* _Exercise goal_: In the entries that follow, the first line to write out is the one containing "为深入贯彻落实学校关于科研机", and the last is the one containing "杜绝问题儿童食品,要堵上监管". Reproduce that stretch exactly, with nothing before or after it.

* _Data for this exercise_:
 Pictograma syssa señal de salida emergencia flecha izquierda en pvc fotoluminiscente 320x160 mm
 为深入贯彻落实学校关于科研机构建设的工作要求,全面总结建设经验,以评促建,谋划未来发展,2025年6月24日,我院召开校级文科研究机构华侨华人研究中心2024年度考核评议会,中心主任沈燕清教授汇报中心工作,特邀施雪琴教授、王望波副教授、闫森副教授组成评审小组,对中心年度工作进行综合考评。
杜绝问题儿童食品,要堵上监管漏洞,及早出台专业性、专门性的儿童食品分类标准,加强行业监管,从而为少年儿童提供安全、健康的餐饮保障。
==
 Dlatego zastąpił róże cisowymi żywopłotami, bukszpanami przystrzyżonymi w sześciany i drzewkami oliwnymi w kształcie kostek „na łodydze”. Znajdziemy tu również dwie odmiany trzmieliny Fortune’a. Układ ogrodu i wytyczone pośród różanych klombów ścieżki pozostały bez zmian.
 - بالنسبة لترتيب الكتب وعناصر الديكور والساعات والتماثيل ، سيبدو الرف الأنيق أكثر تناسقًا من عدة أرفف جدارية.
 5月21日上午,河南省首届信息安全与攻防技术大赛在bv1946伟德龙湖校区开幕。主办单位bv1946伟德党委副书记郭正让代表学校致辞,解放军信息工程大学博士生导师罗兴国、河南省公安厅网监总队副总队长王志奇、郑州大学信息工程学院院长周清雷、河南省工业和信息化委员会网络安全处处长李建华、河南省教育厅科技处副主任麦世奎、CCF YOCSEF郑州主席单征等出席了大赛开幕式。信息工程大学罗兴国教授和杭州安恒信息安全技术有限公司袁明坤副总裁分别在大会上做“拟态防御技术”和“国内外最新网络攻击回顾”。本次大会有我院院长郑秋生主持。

* _Expected answer_:
 为深入贯彻落实学校关于科研机构建设的工作要求,全面总结建设经验,以评促建,谋划未来发展,2025年6月24日,我院召开校级文科研究机构华侨华人研究中心2024年度考核评议会,中心主任沈燕清教授汇报中心工作,特邀施雪琴教授、王望波副教授、闫森副教授组成评审小组,对中心年度工作进行综合考评。
杜绝问题儿童食品,要堵上监管漏洞,及早出台专业性、专门性的儿童食品分类标准,加强行业监管,从而为少年儿童提供安全、健康的餐饮保障。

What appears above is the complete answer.